• [EXERCISE OBJECTIVE]: Nothing in the listing should be altered when it is copied, and no picture goes into the copy.
DATA BLOCK section start
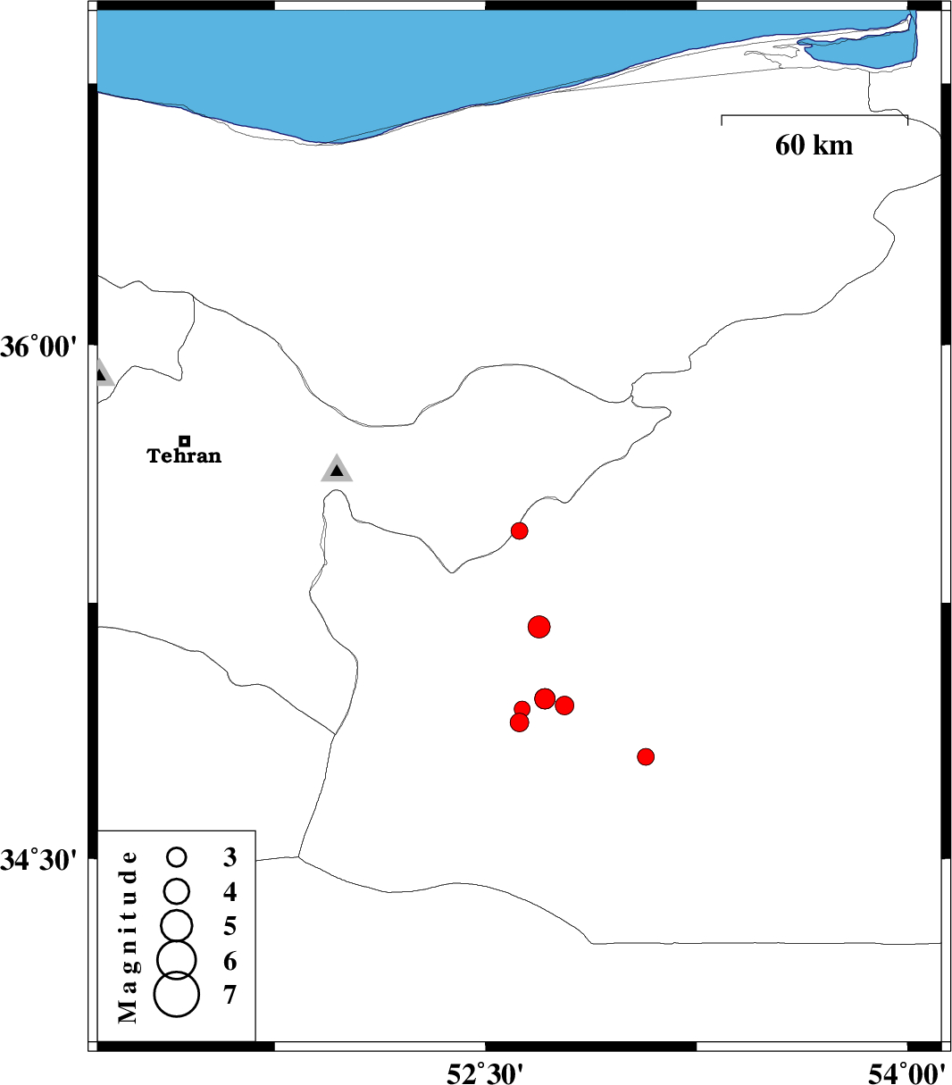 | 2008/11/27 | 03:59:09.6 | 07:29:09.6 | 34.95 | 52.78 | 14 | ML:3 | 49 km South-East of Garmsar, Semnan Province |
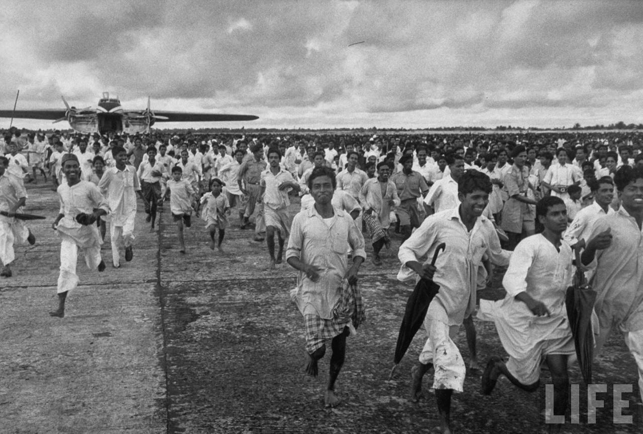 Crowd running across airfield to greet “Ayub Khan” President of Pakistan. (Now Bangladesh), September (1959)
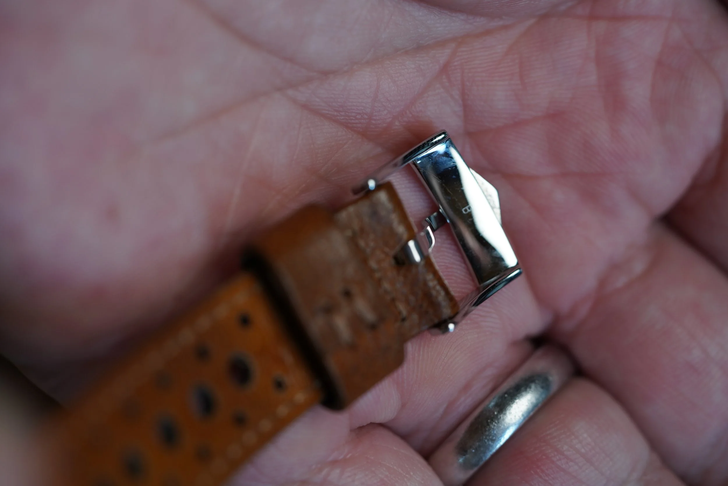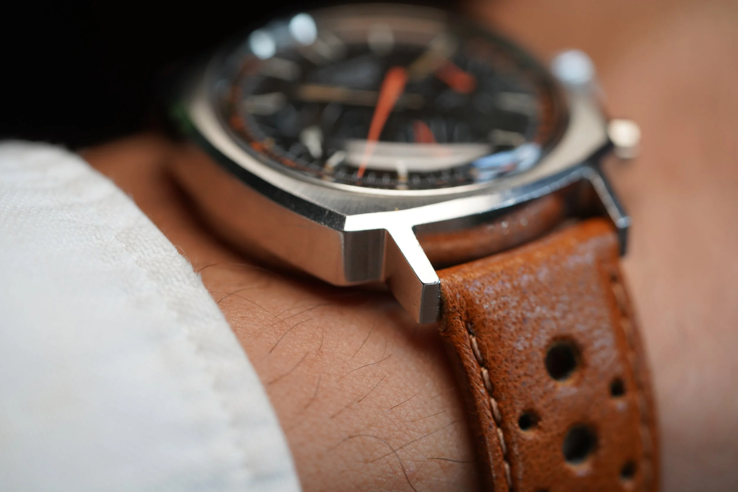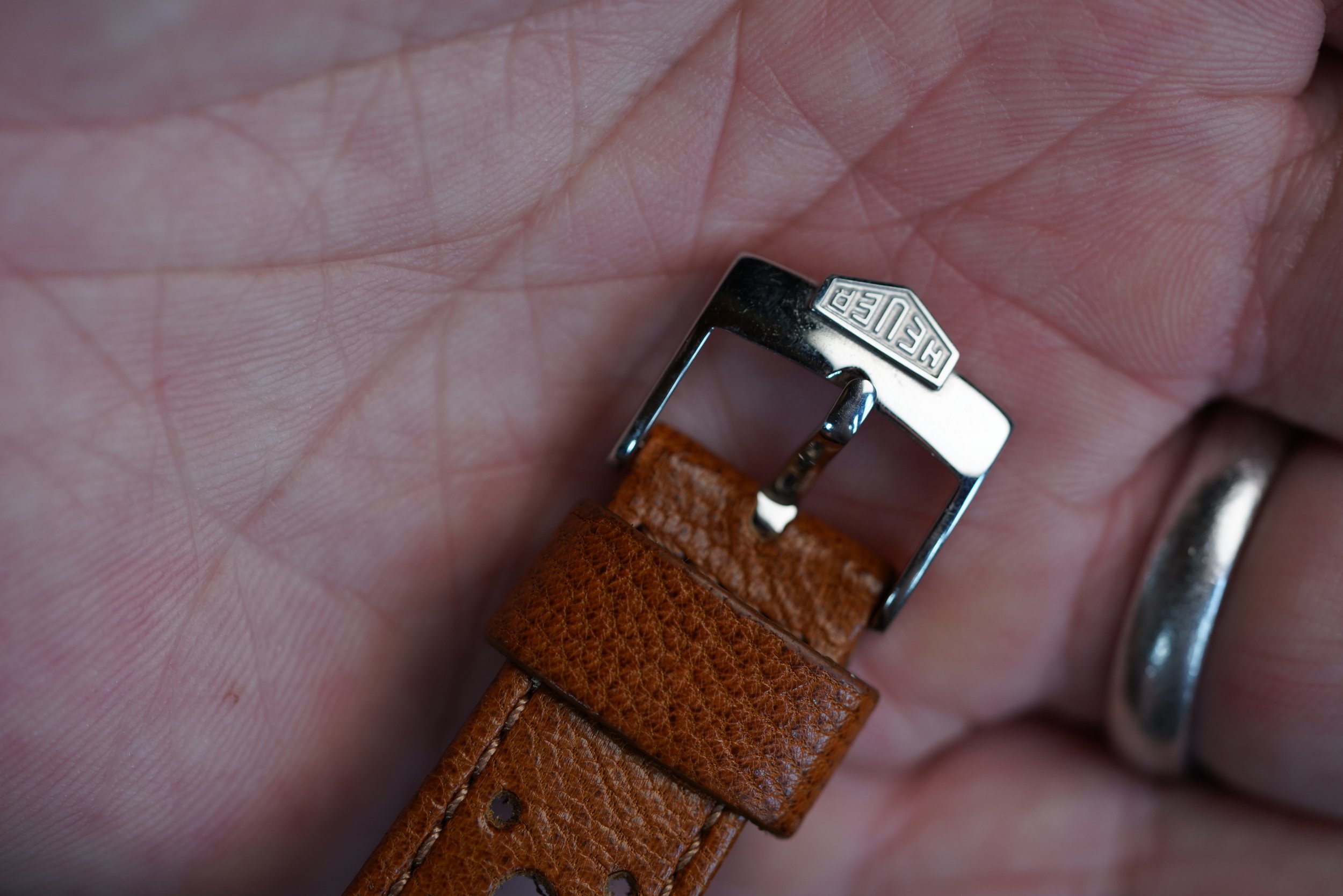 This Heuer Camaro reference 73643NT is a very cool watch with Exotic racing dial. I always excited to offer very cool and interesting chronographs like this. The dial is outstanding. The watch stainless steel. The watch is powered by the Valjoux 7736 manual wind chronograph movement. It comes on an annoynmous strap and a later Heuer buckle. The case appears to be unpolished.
DATA BLOCK section end
• [SOLVED EXERCISE]:
 | 2008/11/27 | 03:59:09.6 | 07:29:09.6 | 34.95 | 52.78 | 14 | ML:3 | 49 km South-East of Garmsar, Semnan Province |
 Crowd running across airfield to greet “Ayub Khan” President of Pakistan. (Now Bangladesh), September (1959)
 This Heuer Camaro reference 73643NT is a very cool watch with Exotic racing dial. I always excited to offer very cool and interesting chronographs like this. The dial is outstanding. The watch stainless steel. The watch is powered by the Valjoux 7736 manual wind chronograph movement. It comes on an annoynmous strap and a later Heuer buckle. The case appears to be unpolished.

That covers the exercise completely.